In Kentucky law, school districts can use any part of those resources to pay any part of their costs for teaching, learning, and operations. Or, to say it another way, these three flexible parts do not come with “earmarks” requiring districts to account for how each dollar was used to provide a required service. In contrast, other parts of the state education budget do come with strings attached, requiring those dollars to be spent on reading interventions, preschool services, facilities, and other specifics.
Taking the three parts together, total SEEK funding with flexibility will also decline from FY 2024 to FY 2026 under the current HB 6.
The increased transportation funding is a very positive thing. In FY 2026, the appropriation will cover full cost of school transportation for the first time in many years. Resuming full funding is an important element of the Big Bold Ask. It’s a stand-out improvement proposed in the current HB 6.
The transportation increase will balance out some of the decline in SEEK base and Tier 1, but not all of it. Looking at the three lines together, districts stand to receive fewer flexible SEEK dollars in FY 2026 than they are getting in current FY 2024.
These flexible SEEK dollars matter because they are available for any school need. For example, these are the only three state budget line items that can be used to improve districtwide salary scales, recruit new staff, and financially reward current hard-working educators for the extraordinarily challenging work we ask them to take on.
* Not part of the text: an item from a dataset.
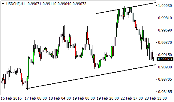 Vývoj měnového páru USD/CHF (1hodinový graf – H1):

4. Grand total SEEK funding will rise a bit more than $26 million
There’s one more way to talk about SEEK. In state budget bills, the Department of Education has three numbered sections, starting with “1. Support Education Excellence Kentucky.” That section includes the flexible line items just discussed, and it also includes funding that is legally committed to teachers’ retirement, school facilities, and a few smaller items. Here’s a table showing them all.
The grand total will increase by $26.4 million, meaning that the state will spend more in this budget section in FY 2026 than it is planning to spend in the current FY 2024.
A Concluding Note
One question – How will HB 6 affect SEEK? – has four possible answers. Under the House Committee Substitute, the guarantee per student will rise, base dollars will decline, total flexible funding will decline, and the grand total budget section will increase.
Ideally, this explainer will lead readers to ask follow-up questions about what this budget will make possible for Kentucky’s students.
Some of the follow-up questions can be about whether these dollars enable adjustments to the salaries paid to teachers and other education staff. With the flexible dollars are going down, it’s hard to say the bill provides state funding to strengthen those payrolls. That can be true even while we are celebrating the transportation boost and being glad to see the increases for retirement and facilities.
There can be many other questions, and then there should be one essential question beneath all the others: how well will these dollars, in concert with local and federal funds, help Kentucky build a big bold future, both for individual students and for the entire commonwealth? That’s the right puzzle for all of us to consider.